A loss of 1% battery per hour on standby was the norm for CM7, so losing 6% in 4-5 hours is close enough.


----------



## snake65 (Aug 24, 2011)

I suppose but you gotta think thats no video thats just surfing the net with 50 percent brightness then put to sleep. I reckon with non stop use surfing i would get 4 hours, im sure i got more with cm7. I cant complain as the devs have done a great job especially for an alpha0. 
Cheers. 
John

Sent from my Nexus S in disguise as TP using Tapatalk


----------



## sav (Jan 15, 2012)

My log for the last night:



> 22.01.2012 01:03:05 -58mA 67% 3801mV 23.0ºC
> 22.01.2012 01:08:07 -41mA 67% 3801mV 22.0ºC
> 22.01.2012 01:13:07 -40mA 67% 3796mV 22.0ºC
> 22.01.2012 01:18:06 -42mA 67% 3801mV 21.0ºC
> ...


10% in 9 hours Standby. WLAN was on. I think its okay, but could be still to high compared with an ipad or something.
Log for Surfing about a hour:


> 22.01.2012 10:18:05 -179mA 57% 3729mV 19.0ºC
> 22.01.2012 10:23:05 -645mA 56% 3686mV 20.0ºC
> 22.01.2012 10:28:05 -692mA 54% 3657mV 21.0ºC
> 22.01.2012 10:33:05 -700mA 53% 3648mV 22.0ºC
> ...


10% for about a hour, could be better i think.

Edit:
After, another 11 hours of mostly standby (used for maybe 5-10minutes)


> 2012/01/22 22:25:06 -46mA 33% 3595mV 21.0ºC


----------



## andylap (Aug 29, 2011)

Just to update my post I did an acmeuninstall and a fresh install and now I'm at 11 hours with heavy and moderate use and I still have 34 percent battery left so a fresh install seems to have fixed the problem thanks for the help


----------



## sokcha641 (Feb 6, 2012)

Mine is like yours too.
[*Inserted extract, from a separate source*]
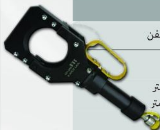
قیچی گیوتینی هیدرولیکی دستی مدل THC-20

It's sad if comparing to ipad that was on video call about 3 hours. It used only 30%.


----------



## skumar (Oct 14, 2011)

Uninstall and fresh reinstall didn't work for me, so I went back to CM7 alpha 2 and I am going to wait for a better alpha or beta build of CM9. No hurry as I have iPad 2 to enjoy, great job CM team for a solid CM7 alpha build.


----------